Architecture¶
Layer separation¶
SeqChain enforces strict layer separation. Each layer has a clear
responsibility, and cross-layer imports are forbidden (enforced by
tests/test_architecture.py).
| Layer | Package | Role |
|---|---|---|
| REST API | api/ |
Thin HTTP handlers — one library call each |
| Recipes | recipes/ |
Domain workflows: CRISPR, Tn-seq, barcodes |
| Operations | operations/ |
Protocols + implementations (Map, Annotate, Filter, Score, Discover, Quantify) |
| Transform | transform/ |
Track → Track pure functions |
| Compare | compare/ |
Track × Track → Track, protocol-typed |
| Primitives | primitives/ |
Pure functions, zero deps, no I/O |
| I/O | io/ |
Genome, track, reads loading + export |
Layers form a strict linear hierarchy. Each layer may only import from
layers below it in rank. The ordering is defined in
tests/layer_hierarchy.yaml and enforced generically by
tests/test_architecture.py.
Import rules¶
| Rank | Layer | Can import from |
|---|---|---|
| 8 | API | recipes, operations, compare, transform, track, I/O |
| 7 | Recipes | operations, compare, transform, track, primitives, I/O |
| 6 | Compare | operations, transform, track, primitives |
| 5 | Operations | transform, track, primitives, I/O |
| 4 | Transform | track, primitives |
| 3 | Track | region, primitives |
| 2 | Primitives | region |
| 1 | Region | (nothing) |
Skip-layer rules add further constraints (e.g. API must not import Primitives). These are also declared in the YAML and enforced by the same test.
Universal types¶
Region¶
Every pipeline step takes Regions and returns Regions. A Region is a frozen
dataclass:
@dataclass(frozen=True, slots=True)
class Region:
chrom: str
start: int
end: int
strand: str = "."
score: float = 0.0
name: str = ""
tags: dict = field(default_factory=dict)
The tags dict is the extension point — operations enrich it with
spacer, gene, fold_change, chromatin_states, etc. No separate
Hit/AnnotatedHit/ScoredHit types.
Track¶
Track is a Protocol (structural typing, not inheritance). Any object
with the right methods satisfies it:
signal_at(chrom, start, end)— summary value for a regionregions(chrom, start, end)— iterate overlapping Regionsmap_scores(fn)— apply a function to every scorefilter_entries(fn)— keep entries matching a predicatescores()— iterate all scoreswith_scores(scores)— replace scores
Three implementations:
| Type | Use case | signal_at |
regions |
|---|---|---|---|
IntervalTrack |
Peaks, genes, guides | Overlap-weighted average | Segment-tree query |
SignalTrack |
BigWig per-base data | Mean signal | Always empty |
TableTrack |
Barcode counts | Always 0.0 | Always empty |
The three processing layers¶
Transform: Track → Track¶
Thirteen pure functions organized by family:
- missing —
fill_missing,replace_zeros,drop_missing,drop_zeros - scale —
add_pseudocount,log_transform,clamp,normalize,standardize,rank - threshold —
binarize,filter_by_score - bin —
bin_summarize(SignalTrack → IntervalTrack)

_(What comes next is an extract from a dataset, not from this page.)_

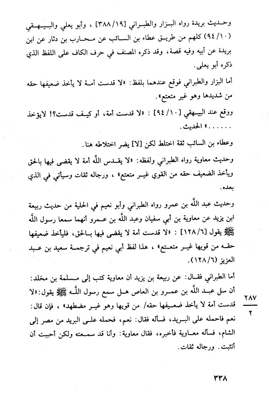 وحديث عبد اللَّه بن عمرو رواه الطبراني وأبو نعيم في الحلية من حديث ربيعة ابن يزيد عن معاوية بن أبي سفيان وعبد اللَّه بن عمرو أنهما سمعا رسول اللَّه -صلى اللَّه عليه وسلم- يقول [6/ 128]: "لا قدست أمة لا يقضى فيها بالحق، فليأخذ ضعيفها حقه من قويها غير متعتع"، هذا لفظ أبي نعيم في ترجمة سعيد بن عبد العزيز (6/ 128).

No protocols, no isinstance. Every function calls Track primitives
(map_scores, filter_entries, with_scores) and returns a new Track.
Compare: Track x Track → Track¶
Differential analysis via module-level functions. interval_fold_change()
aligns two tracks by region name or binned overlap and computes raw fold
change.
The alignment primitive (align_tracks) pairs regions across two tracks
and reports which track each region appears in. Comparison functions
consume aligned pairs.
Operations: raw data → Tracks¶
Module-level functions and protocols:
| Category | Functions | What it does |
|---|---|---|
| Map | regex_map(), bowtie_map() |
Find patterns in sequences |
| Annotate | annotate_features(), annotate_chromatin() |
Enrich Regions with context |
| Quantify | count_barcodes(), summarize_features() |
Count barcodes or summarize features |
| Discover | heuristic_discover(), tnseq_discover() |
Auto-detect read structure |
| Score | score_mismatches(), score_off_targets() |
Score variant effects |
| Filter | filter_by_overlap() |
Filter by geometric overlap (recipe) |
Design principles¶
- Prefer functions over classes — Most operations are module-level functions. No remaining protocols in operations.
- No inheritance — Protocols (structural typing) only.
- Immutability — Frozen dataclasses,
dataclasses.replace()for updates. - Sequences are strings — No
Bio.Seq. Biopython is I/O only. - Chromatin states are mark combinations — No gene names. Gene features are a separate layer.